Regulation

Russia's Financial Policy Proposes Recognition Of Crypto As A Form Of Currency

Russia's Financial Policy Proposes Recognition Of Crypto As A Form Of Currency

Russia, one of the world's most powerful economies, is setting up a financial policy that, when implemented, will recognize digital assets, including crypto, as a form of currency alongside fiat.

Russian news outfit Kommersant confirms that the Bank of Russian and the Russian state have reached an agreement on the regulatory matter. A draft law is currently being prepared, and is expected to be finished by February 18.

The proposal's details define cryptocurrency as an "analogue of currency" as opposed to merely being digital assets with financial attributes. This means that crypto will have to be fully identified and tracked in order to prevent money laundering and other illegal activities. Transactions involving crypto will also be limited to a maximum of 600,000 rubles, or approximately $8,000 USD.

All transactions that fall under this category are to be declared, transactions outside the legal sector for such amounts will become a criminal offense and an aggravating circumstance under the Criminal Code, while fines will be introduced for the illegal acceptance of cryptocurrencies as a means of payment. Provisions for mining and related sectors have not been disclosed at the moment, and as such would likely not be affected by the proposal at its current draft stage.
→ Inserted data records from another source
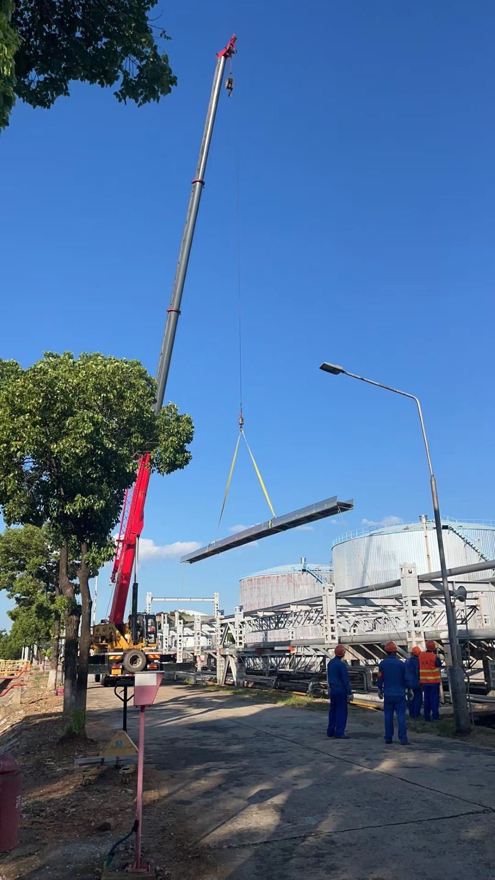 8月1日,該項(xiàng)目進(jìn)行電纜槽盒托架吊裝工作,該電纜槽盒托架采用18米每段進(jìn)行吊裝,先集中預(yù)制后到現(xiàn)場管廊處進(jìn)行對(duì)接后在吊裝至管廊上。該托架重量約0.6噸,使用1臺(tái)25噸吊車,將整段托架吊至上方,并對(duì)接安裝連接成一個(gè)整體。在項(xiàng)目部全體人員的共同努力下托架順利吊裝到位,該托架吊裝完成標(biāo)志著此項(xiàng)目安裝工作進(jìn)入尾聲,為項(xiàng)目按時(shí)完工奠定了良好的基礎(chǔ),目前正在進(jìn)行電纜橋架吊裝和電纜鋪設(shè)工作。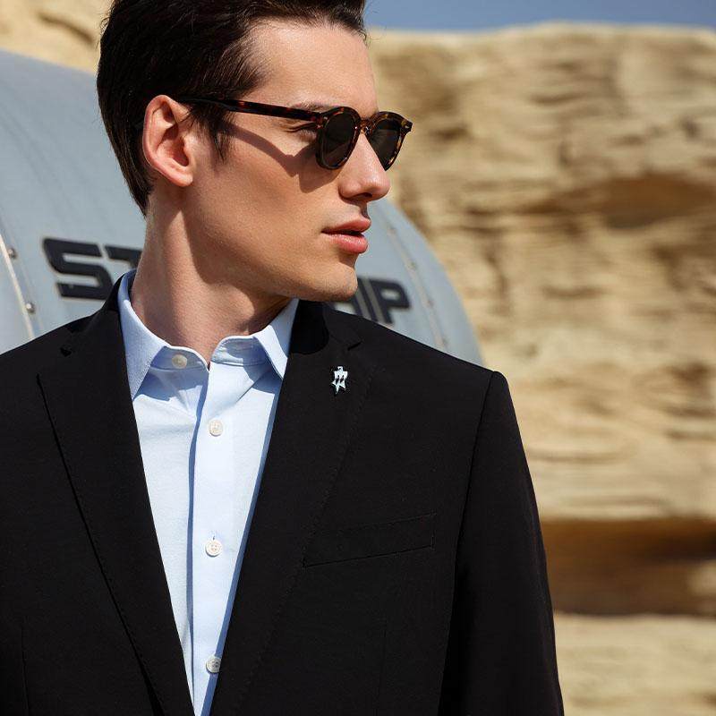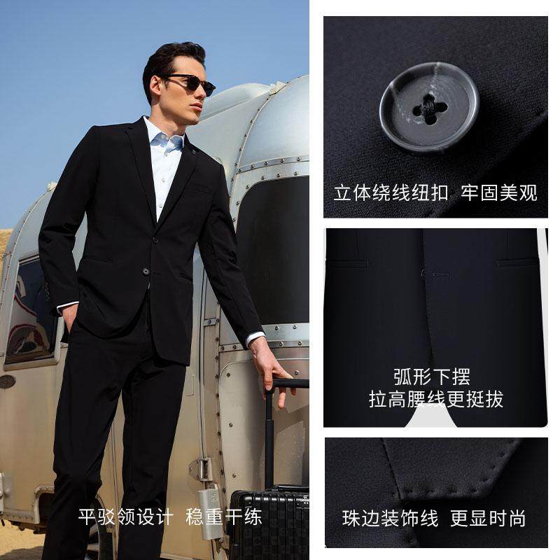 欧定头等舱西服套装男士新款钛黑高级定制商务休闲男装西装两件套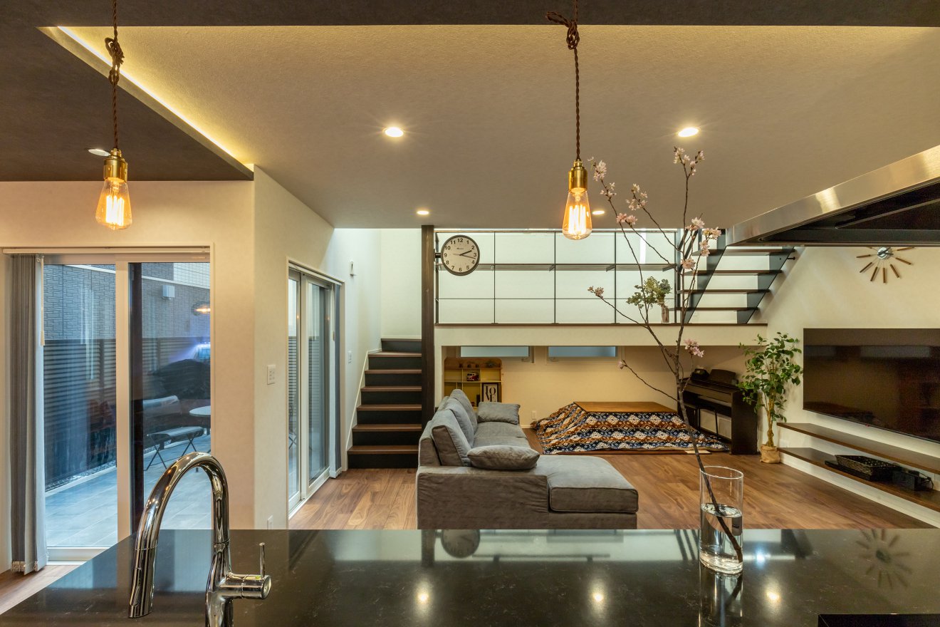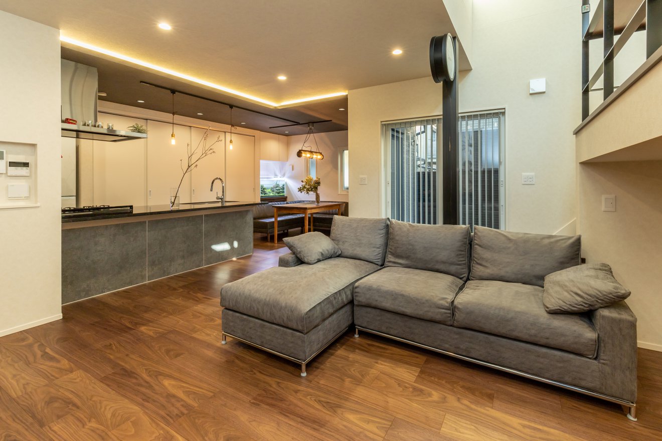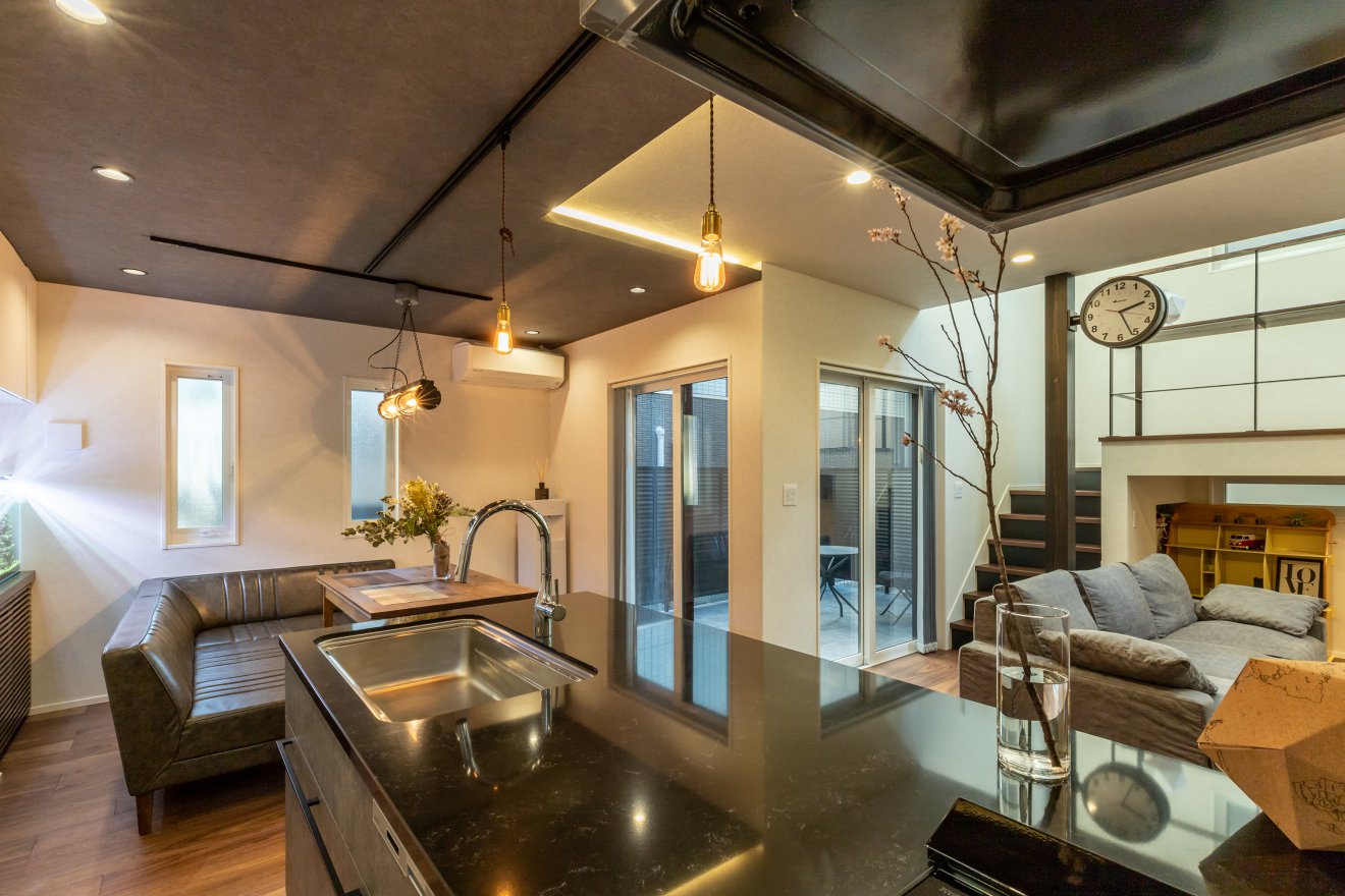 【キッチン・ダイニング】リビングから天井を一段下げ、間接照明を施しました。お洒落で落ち着いた空間を演出します。 【キッチン・リビング】キッチンからは、リビング・ダイニング・スキップフロアの全てが見渡せます。お子様のことを気にかけながら家事ができるため安心です。

The Russian central bank has already stated that digital assets should not be recognized as being similar to traditional currencies, while current Finance Minister Anton Siluanov has stated that crypto regulation should happen as soon as possible. Previously, crypto was not considered either as liquid or as digital securities under Russian law. Now, it's expected crypto rates will come under taxation rules for commodities and foreign currency transactions. According to the report, the proposal sees crypto being used “in the legal sector” in line with compliance frameworks for full identification through the banking system, or through licensed intermediaries.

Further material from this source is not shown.